Executive Summary

This document serves as a foundational reference for deploying highly available Kubernetes clusters with Talos Linux, ensuring security, performance, and operational excellence.

Kubernetes is the leading container orchestration platform, enabling organizations to efficiently deploy, manage, and scale applications. Talos Linux brings simplicity and security to bare-metal and edge Kubernetes making infrastructures secure by default, easier to use, and more reliable to operate.

This architecture document provides a blueprint for deploying a standard Kubernetes cluster using Talos Linux, outlining best practices for management, security, high availability, and disaster recovery to deliver a scalable and resilient platform for cloud native applications. While there are many options for deploying Kubernetes, this is our recommended architecture.

Technology Overview

Talos Linux

Talos Linux is an open source Linux operating system (OS) purpose-built for Kubernetes, operates entirely through an API, eliminating traditional SSH or shell access, thus providing a highly secure and minimal operating system for Kubernetes clusters.

Key features include:

Immutable OS: Prevents configuration drift and enhances security. Image-based updates simplify upgrades and eliminate patching.
API-Only Management: No SSH or shell access, reducing attack surfaces. Declarative API prevents configuration drift and imperative API endpoints provide on-demand information gathering and debugging.
Built-in Security: Inherent security through the implementation of Kernel Self Protection Project standards, SELinux, TPM support, disk encryption, SecureBoot, read-only root filesystem, boot from an in memory SquashFS file system, and modern cryptographic standards.
Lightweight and Optimized: Talos Linux is designed specifically to run Kubernetes, with fewer than 50 binaries and no package manager or traditional userland tools included by default.
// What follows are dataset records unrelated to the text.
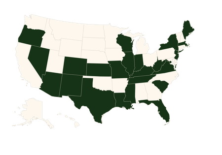 Arizona, District of Columbia, Florida, Illinois, Indiana, Kansas, Kentucky, Louisiana, Maine, Massachusetts, Mississippi, Missouri, Nevada, New Jersey, New Mexico, New York, North Carolina, Oregon, Pennsylvania, South Carolina, Tennessee, Texas, Virginia, West Virginia, Wisconsin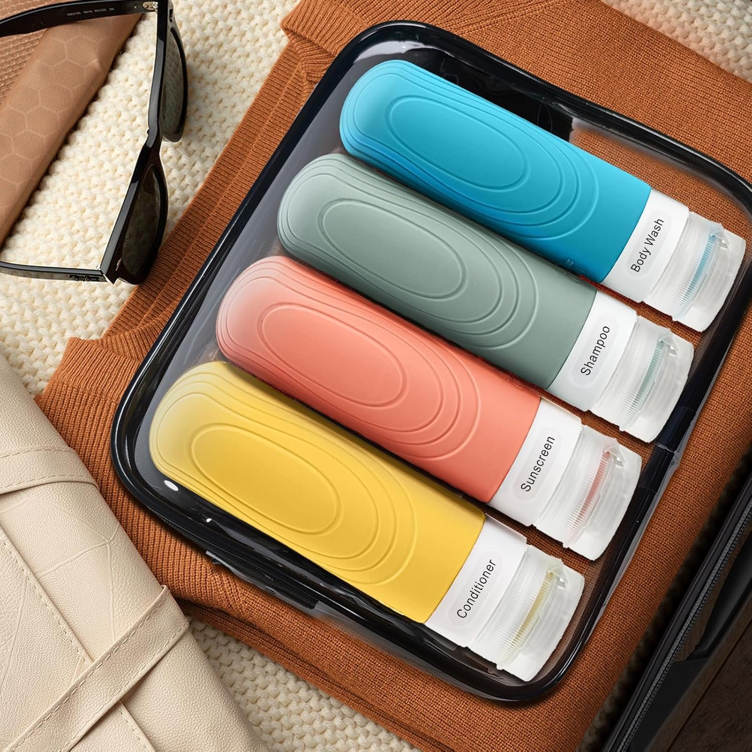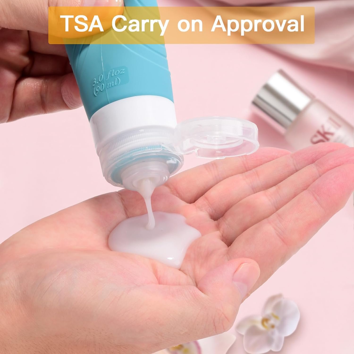 【TSA Approved Portable Travel Bottles】 These 3oz travel size bottles are TSA approved, perfect for carrying shampoo, conditioner, lotion, and all kinds of liquid .Comes with a high-quality transparent wash bag, making your long-distance travels hassle-free.GLAMFIELDS travel size bottles are must have traveling accessories.
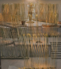 草月流創流90周年の締めくくりとして、2018年3月21日(水)~24日(土)、 草月プラザにおいて、千葉・埼玉・東京北・東京西・東京南、神奈川6支部による「∞つなぐ-関東6支部展-」が開催されました。神奈川県支部からは105名の会員の方にご参加いただきました。参加者全員でおよそ1500本の割竹を「∞」型に成形し、イサム・ノグチ石庭「天国」一面を飾ったその作品は、壮麗で多くの見学者を魅了するものでした。 制作に参加してくださった会員の皆様ありがとうございました。お寄せいただいたご感想をいくつかご紹介します。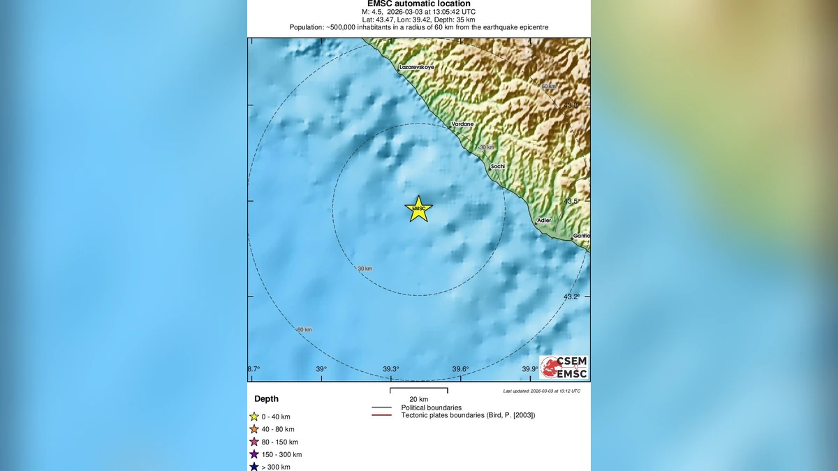 По информации Евро-Средиземноморского сейсмологического центра, эпицентр землетрясения находился в 29 км от Сочи и в 192 км от Краснодара на глубине 10 км в акватории Черного моря. Магнитуда сейсмособытия составила 4,8.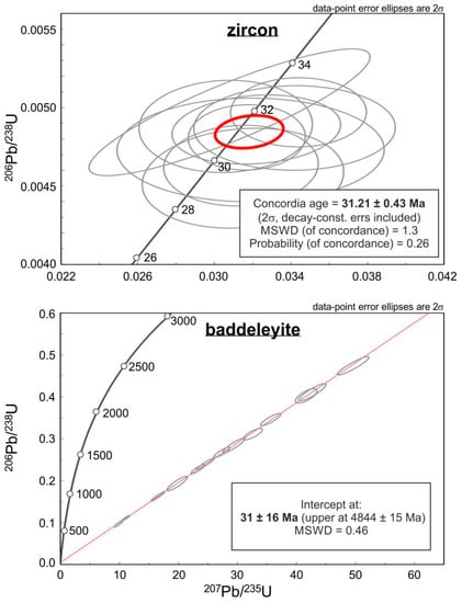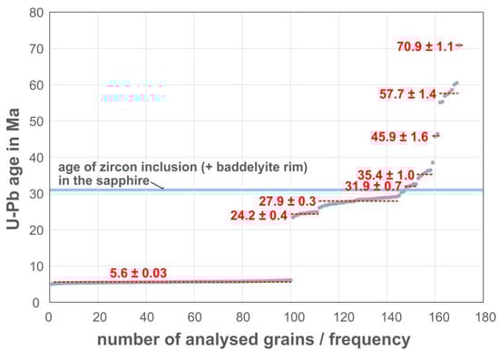 Both the zircon core and the baddeleyite rim of the zircon inclusion in the Jizerka blue sapphire were dated using the U–Pb in situ LA–ICP–MS method (Figure 8). The zircon inclusion core is visually older than its baddeleyite rim. In addition, the presence of zircon inclusions in the sapphire indicates their similar provenance and formation from the same parental rock. However, U–Pb dating conducted on the zircon core and baddeleyite rim of the inclusion in the Jizerka blue sapphire provided ages that are identical within their analytical uncertainties. The age of the zircon was found to be 31.2 ± 0.4 Ma (Figure 9), while a highly imprecise age of 31 ± 16 Ma was estimated for the baddeleyite rim (Figure 9). The high uncertainty of the baddeleyite U–Pb age is attributed to the low content of radiogenic Pb, low volume of the material available for dating and an excess of common lead due to intergrowth with other phases in the symplectitic mixture [42].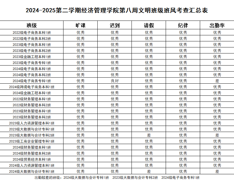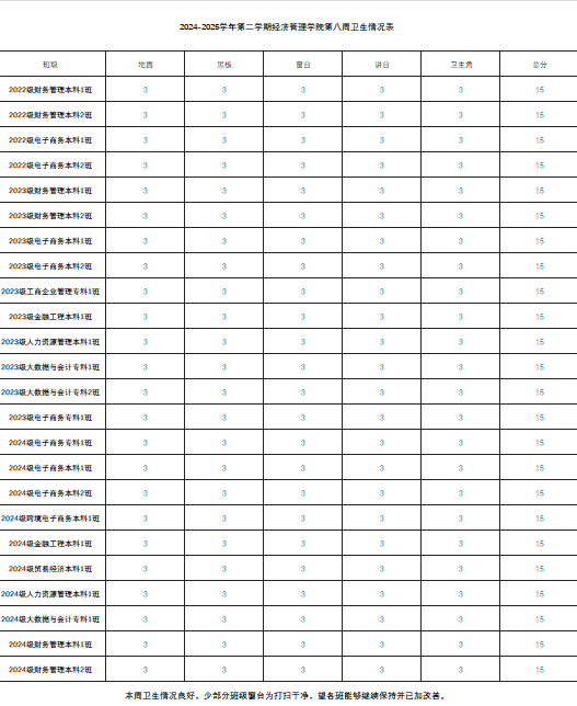 希望表现优秀的班级能够再接再厉,继续保持良好的状态。同时,部分班级也需要加以改进,以提升整体的班级班风水平。我们期待所有班级都能够积极行动起来,为营造一个更加文明、整洁、有序的学习环境而努力。

It also provides system extensions and overlays to add optional drivers, services, and hardware support.

Upstream Kubernetes

Talos Linux deploys upstream Kubernetes without API modifications and ensures full compatibility with the Kubernetes ecosystem. This provides:

Consistent Behavior: It is a conformant Kubernetes distribution under the CNCF Kubernetes conformance program, meaning that Kubernetes is the same as every other distribution.
Maximum Compatibility: Works seamlessly with all Kubernetes tooling, APIs, and extensions.
Security and Stability: Avoids vendor lock-in and ensures regular updates and security patches from the Kubernetes community.
Predictable Upgrades: Ensures smooth upgrades without proprietary patches that could introduce unexpected issues.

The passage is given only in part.